In step S707, the determination result output unit 602 of the inference unit 134 outputs the inference result output from the CNN unit 601 in association with the time information.

<Summary>
As is clear from the above description, the determination device 130 according to the first embodiment is
-Acquire one-dimensional time-series data indicating acceleration in each of the three axial directions, which is output from a measuring device attached to the neck of the cow.
-A two-dimensional array showing the intensity of each frequency at each time after extracting the one-dimensional time-series data showing the acceleration in the z-axis direction from the one-dimensional time-series data showing the acceleration in each of the three axes and analyzing the frequency. Generate data.
-Inputs two-dimensional array data for each predetermined judgment time range and outputs information indicating the action classification for each predetermined judgment time range (information indicating that the ruminant state is present or information indicating that the ruminant state is present). do.

As described above, in the determination device 130 according to the first embodiment, the amount of information used for determination is increased by frequency-analyzing the acceleration data which is one-dimensional time series data and generating the two-dimensional array data. Further, in the determination device 130 according to the present embodiment, by inputting the two-dimensional array data into the determination model and performing machine learning, it is possible to capture the characteristics of the ruminant behavior of the cow such as periodicity and continuity. Generate a judgment model for.

As a result, according to the determination device 130 according to the first embodiment, for example, the characteristic of the ruminant behavior of the cow, such as the continuation of a high intensity state near a predetermined frequency (having periodicity and continuity), is exhibited in the individual. It can be captured accurately regardless of the difference in frequency characteristics of each.

As a result, according to the determination device 130 according to the first embodiment, it is possible to accurately determine the behavior classification of the cow (whether the cow is in the ruminant state or the non-ruminant state).

[Second Embodiment]
In the first embodiment, when one-dimensional time-series data showing acceleration in the z-axis direction is extracted from one-dimensional time-series data showing acceleration in each of the three axes to generate two-dimensional array data. Was explained. On the other hand, in the second embodiment, time-series data in the x-axis direction, the y-axis direction, and the z-axis direction are extracted from the one-dimensional time-series data showing the accelerations in the three-axis directions, respectively. The case of generating the two-dimensional array data of the above will be described. Hereinafter, the second embodiment will be described focusing on the differences from the first embodiment.
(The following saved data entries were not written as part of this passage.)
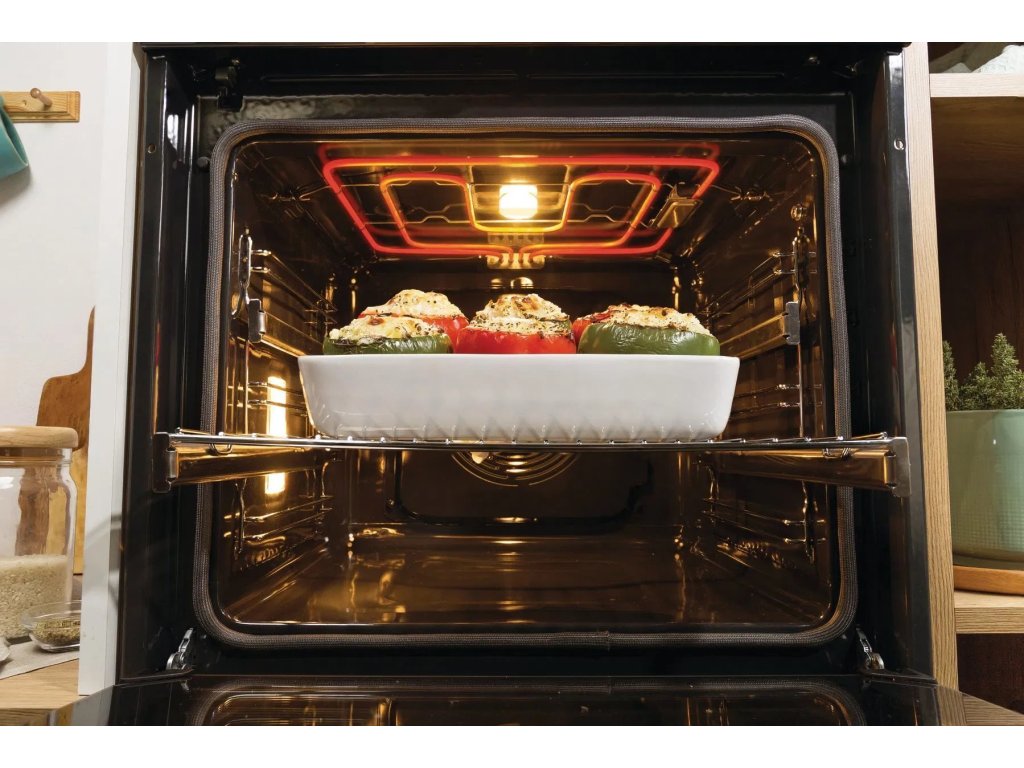 Současně můžete v troubě Gorenje péct i více pokrmů najednou a nebát se, že by docházelo k mísení pachů nebo nerovnoměrnému opékání. Speciální tvar trouby a promyšlená cirkulace horkého vzduchu zajišťuje rovnoměrné pečení pokrmů na všech úrovních. Pro snazší používání je vestavná trouba Gorenje BSAX6747A26BG vybavena teleskopickými výsuvy, abyste mohli jednoduše plechy vysunout, zkontrolovat pokrm a zase vrátit, nebo naopak bez potíží plech vytáhnout.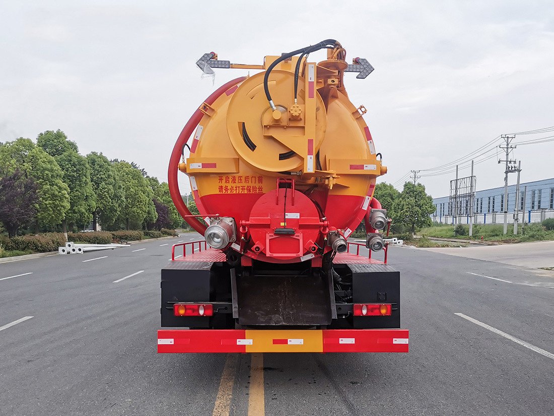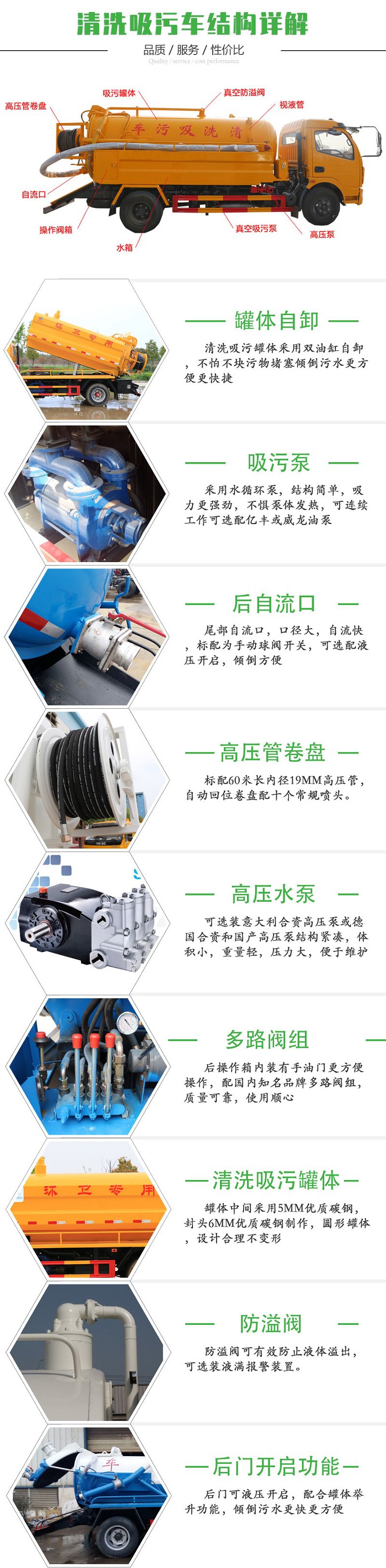 吸污部分:16方污罐,罐体8mmQ235优质碳钢,配潍柴420副发动机带淄博SK-42/258水循环泵,罐体内部平铺1.2米不锈钢底板,10米吸污管一根,进气管加过滤网,防溢阀加高,后盖卡扣锁紧,前视污量管,后尾部加装3个100mm的球阀吸污口,600mm排污口液压开启,150mm排污球阀,罐体带举升功能。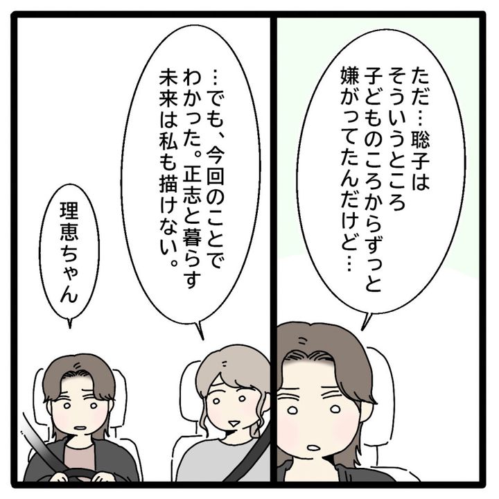 「ただ・・聡子はそういうところ子どものころからずっと嫌がってたんだけど・・」と、聡子さん本人は多田家というだけで特別扱いされることをよく思っていなかったとも話してくれました。「・・でも、今回のことでわかった。正志と暮らす未来は私も描けない」私は、同窓会以降の正志のこれまでの態度や、多田家や聡子さんを何よりも優先する正志とはもうやっていけないと感じていました。正志が私との離婚を選んだように、私も正志とこのまま一緒にいたいという気持ちはもうありませんでした。美沙ちゃんは、そんな私の想いを複雑そうな顔で静かに聞いていました。

<Specific example of functional configuration and processing of the learning data generation unit>
FIG. 8 is a second diagram showing a specific example of the functional configuration and processing of the learning data generation unit. The difference from FIG. 3 is that in the case of the learning data generation unit 800, the x-axis direction extraction unit 801 and the y-axis direction extraction unit 811 and the frequency analysis units 802 and 812 are provided, and the function of the data generation unit 820 is shown in FIG. This is different from the function of the data generation unit 304 of. Further, the difference from FIG. 3 is that the configuration of the learning data 830 stored in the learning data storage unit 135 is different from the configuration of the learning data 320 of FIG.

In FIG. 8, the graphs corresponding to the graphs 311 to 314 are omitted due to space limitations, but the graphs of the data output from each part of the learning data generation unit 800 are the same as those of the graphs 311 to 314. be.

The x-axis direction extraction unit 801 extracts time-series data indicating acceleration in the x-axis direction from the one-dimensional time-series data indicating acceleration in each of the three axes directions acquired by the acceleration data acquisition unit 301.

The y-axis direction extraction unit 811 extracts time-series data indicating acceleration in the y-axis direction from the one-dimensional time-series data indicating acceleration in each of the three axes directions acquired by the acceleration data acquisition unit 301.

The frequency analysis unit 802 frequency-analyzes the time-series data indicating the acceleration in the x-axis direction extracted by the x-axis direction extraction unit 801 for each predetermined analysis time range, and two-dimensionally indicates the intensity of each frequency at each time. Generate array data.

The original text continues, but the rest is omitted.